◆ About this task:
Using the listing below, print the line containing "本品规格为40.7 x 41.3", the line containing "7. Remove the", and each line between them, exactly and nothing else. Pictures stay out of the print.

◆ Records to use:
= = = =

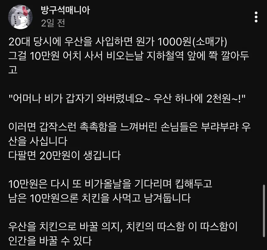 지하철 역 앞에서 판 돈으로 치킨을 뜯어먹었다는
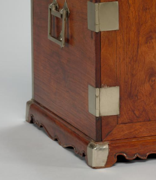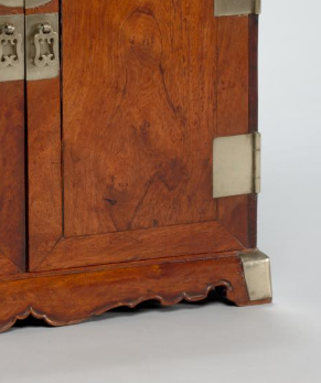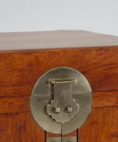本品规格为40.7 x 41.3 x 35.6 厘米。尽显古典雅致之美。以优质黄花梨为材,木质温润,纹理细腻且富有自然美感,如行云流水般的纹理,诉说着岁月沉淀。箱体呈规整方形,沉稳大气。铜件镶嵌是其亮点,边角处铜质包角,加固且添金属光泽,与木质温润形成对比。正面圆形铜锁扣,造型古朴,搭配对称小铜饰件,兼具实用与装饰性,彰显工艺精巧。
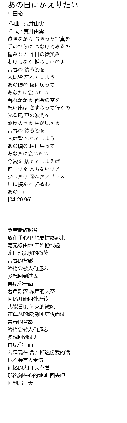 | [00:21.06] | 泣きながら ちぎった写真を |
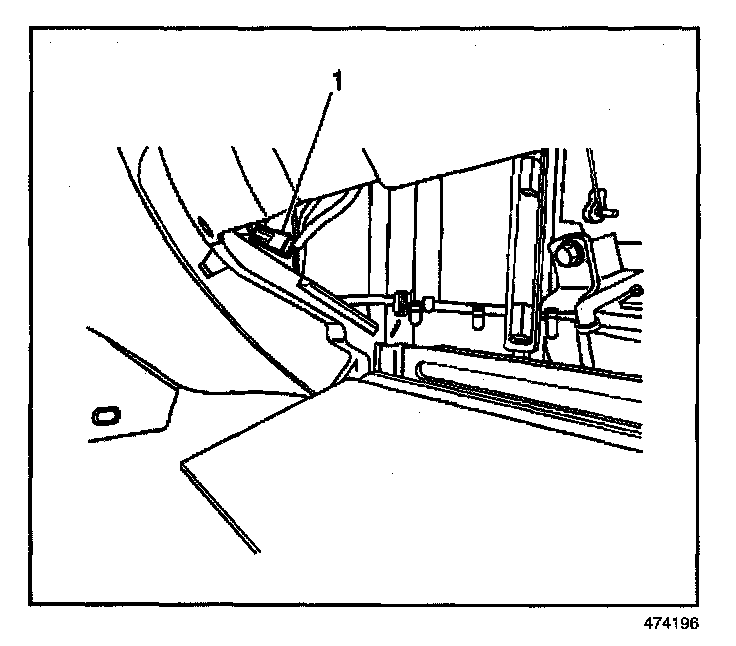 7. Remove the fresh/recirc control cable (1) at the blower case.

= = = =

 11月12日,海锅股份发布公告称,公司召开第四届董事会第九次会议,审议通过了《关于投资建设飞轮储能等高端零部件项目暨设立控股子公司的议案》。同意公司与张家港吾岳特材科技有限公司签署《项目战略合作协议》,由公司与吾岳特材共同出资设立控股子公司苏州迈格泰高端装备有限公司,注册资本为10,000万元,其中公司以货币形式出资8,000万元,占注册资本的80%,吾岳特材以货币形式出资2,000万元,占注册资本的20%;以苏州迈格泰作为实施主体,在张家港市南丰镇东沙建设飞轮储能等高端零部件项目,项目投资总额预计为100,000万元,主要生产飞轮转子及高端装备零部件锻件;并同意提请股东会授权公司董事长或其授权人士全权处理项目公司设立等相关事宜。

= = = =

◆ Task result:
本品规格为40.7 x 41.3 x 35.6 厘米。尽显古典雅致之美。以优质黄花梨为材,木质温润,纹理细腻且富有自然美感,如行云流水般的纹理,诉说着岁月沉淀。箱体呈规整方形,沉稳大气。铜件镶嵌是其亮点,边角处铜质包角,加固且添金属光泽,与木质温润形成对比。正面圆形铜锁扣,造型古朴,搭配对称小铜饰件,兼具实用与装饰性,彰显工艺精巧。
 | [00:21.06] | 泣きながら ちぎった写真を |
 7. Remove the fresh/recirc control cable (1) at the blower case.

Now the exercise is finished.